Kalilou Barry için, “örneğin, göçmen nüfusun çeşitliliğini ve katkısını kutlayan Amerika Birleşik Devletleri veya Kanada'dan farklı olarak; Fransa'da cumhuriyetçi ideoloji, göçmenlerin Fransız toplumuna asimile olmasını istiyor. Bu, entegrasyonun her şeyden önce asimilasyon ve önceki kimliğin kaybı ile eşanlamlı olduğu anlamına gelir ki bu elbette gülünçtür”.

Kalilou, algı ölçeğini değiştirmeyi ve sorunu daha mikro bir perspektiften analiz etmeyi öneriyor: “Göçmenlerin genellikle entegre olduğunu anlamak için yerel seviyelerde daha iyi bakmak gerektiğini düşünüyorum. Örneğin geçen yıl bir Fransız fırıncı, Gine asıllı çırağının sınır dışı edilmesi kararını protesto etmek için birkaç ay boyunca açlık grevi yaptı. Birçok kasaba ve köyde göçmenler lehine girişimler var.”

Paris'in Arap Afrika mahallesindeki Barbes Rochechouart'ta balmumu kumaş mağazası

Paris'in Arap-Afrika mahallesindeki Barbes Rochechouart'ta balmumu kumaş mağazası.

Salamata Bance daha empatiktir ve şunu iddia eder: Bu mahalleler belirli bir göçmen grubunu bir araya getirmek için yaratıldı. “Orada insanlar hala bazı okullara veya işletmelere 8. bölgeden bir Fransız Parisli ile aynı erişime sahip değil. Toplumsal bir parçalanma var. 'eşitlik' Bu durumda gerçekten işe yaramıyor."

Salamata ekliyor Fransız hükümeti çok seçici “Fransız toplumu kimin entegre olup kimin olamayacağını seçer, tıpkı bir binanın dört katına bir çocuğu kurtarmak için tırmanan ve ardından Fransız pasaportunu alan Mamoudou Gassama'nın (Mali'den bir göçmen) hikayesi gibidir. , şanslı. Ya burada olan ve belgeleri olmayan tüm göçmenler? Fransız yönetimi onları umursamıyor. Ve protesto etmeye çalıştıklarında polis tarafından acımasızca bastırılıyorlar. Sonra Afrika burjuvazisinden 'iyi göçmenler' var, Macron bu tip göçmenleri çok seviyor, o kadar ki onları çekmek için devlet üniversite ücretlerini artırmaya karar verdi.
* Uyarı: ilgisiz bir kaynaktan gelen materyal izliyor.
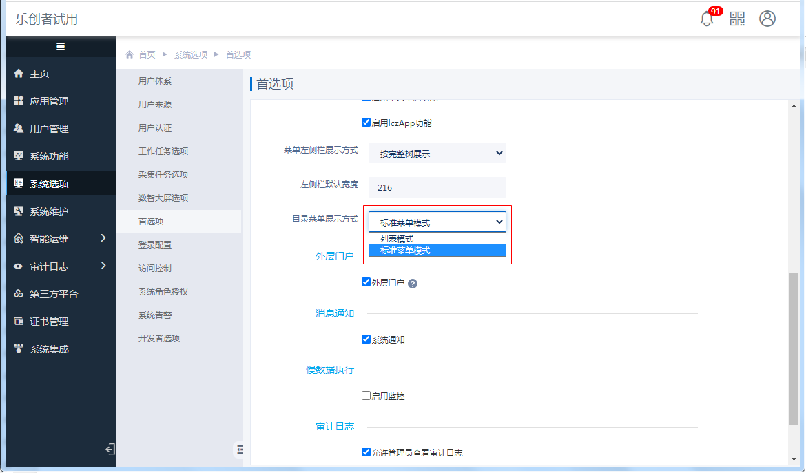 类似地,外层门户主页选择的的是系统功能中菜单栏或lczAPP工作台中的目录。

Paris'in Barbes semtindeki Dejean caddesindeki Afrika pazarı

Dejean Caddesi Afrika Pazarı.

Bu farklı sesler şunu gösteriyor. Fransız toplumunun bir bütün olarak kültürel entegrasyonu alanında daha gidilecek çok yol var. Buna rağmen, La Goutte d'Or gibi mahalleler, bugünün Paris sahnesinde gerekli olan zengin ve otantik bir kültürel alan inşa etmeyi başardılar. Ortak bir kökenden gelen aidiyet ve gurur duygusunun hakim olduğu, çok karakterli bir mekan, Fransa ve kendi kültürüyle olan bağı ihmal etmeden.

“Bu mahallelerde sevdiğim şey, insanların bir aile gibi davranması. Göçmenlerin çocukları gelecek ve kendilerini empoze ediyorlar, herkese hakları olduğunu hatırlatıyorlar. ve artık klişelere ve ırkçılığa müsamaha göstermeyecekler” diyor Salamata.